> _Action item_
Copy out the data exactly as it appears, without a single image.

> _Given data_
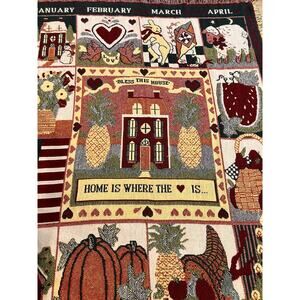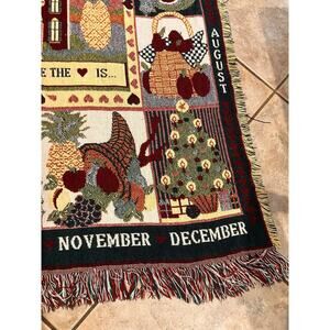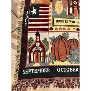 VTG Throw, Blanket, Wall Tapestry, God Bless, Calendar Seasons ,fringe 60X46
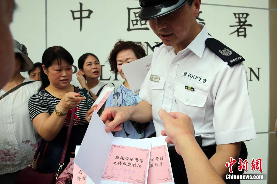 8月10日,“守护香港大联盟”当天在香港各区发起“全民撑警日”活动,呼吁市民携同亲友前往附近警署,向警队送上心意卡或慰问信,向警务人员表达慰问和支持。图为市民将慰问卡及签发递交中区警署值日警官。中新社记者 洪少葵 摄
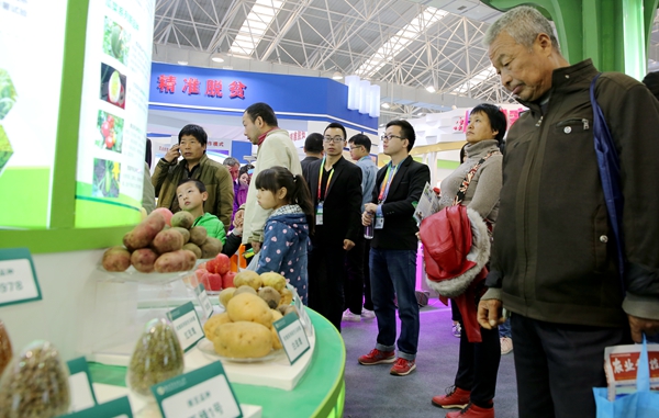 我校展区300多件展品中有植物新品种110项,涉及小麦、玉米、油菜、马铃薯、小杂粮主栽作物,以及水果、瓜菜、经济林作物等。其中包括38个“新秀”和“明星”,如今年才通过国审的“西农585”“西农529”两个小麦新品种,转让费超过300万元的省审小麦新品种“西农20”,继甘肃之后又在陕西审定的旱地小麦新品种“普冰151”,国审玉米新品种“陕单609”,籽粒直收、亩产过吨的首个省审机收玉米新品种“陕单636”,首个省审机收油菜新品种“陕油28”,还有“瑞阳”“瑞雪”“秦脆”“秦蜜”苹果,玫瑰系列彩色马铃薯,“七月鲜”红枣,农大迷香、金猕、郁香猕猴桃,“秦桃1号”“秦桃2号”和“秦超”桃优质新品种,“凤选1号”花椒,等等。

> _Finished task_
 VTG Throw, Blanket, Wall Tapestry, God Bless, Calendar Seasons ,fringe 60X46
 8月10日,“守护香港大联盟”当天在香港各区发起“全民撑警日”活动,呼吁市民携同亲友前往附近警署,向警队送上心意卡或慰问信,向警务人员表达慰问和支持。图为市民将慰问卡及签发递交中区警署值日警官。中新社记者 洪少葵 摄
 我校展区300多件展品中有植物新品种110项,涉及小麦、玉米、油菜、马铃薯、小杂粮主栽作物,以及水果、瓜菜、经济林作物等。其中包括38个“新秀”和“明星”,如今年才通过国审的“西农585”“西农529”两个小麦新品种,转让费超过300万元的省审小麦新品种“西农20”,继甘肃之后又在陕西审定的旱地小麦新品种“普冰151”,国审玉米新品种“陕单609”,籽粒直收、亩产过吨的首个省审机收玉米新品种“陕单636”,首个省审机收油菜新品种“陕油28”,还有“瑞阳”“瑞雪”“秦脆”“秦蜜”苹果,玫瑰系列彩色马铃薯,“七月鲜”红枣,农大迷香、金猕、郁香猕猴桃,“秦桃1号”“秦桃2号”和“秦超”桃优质新品种,“凤选1号”花椒,等等。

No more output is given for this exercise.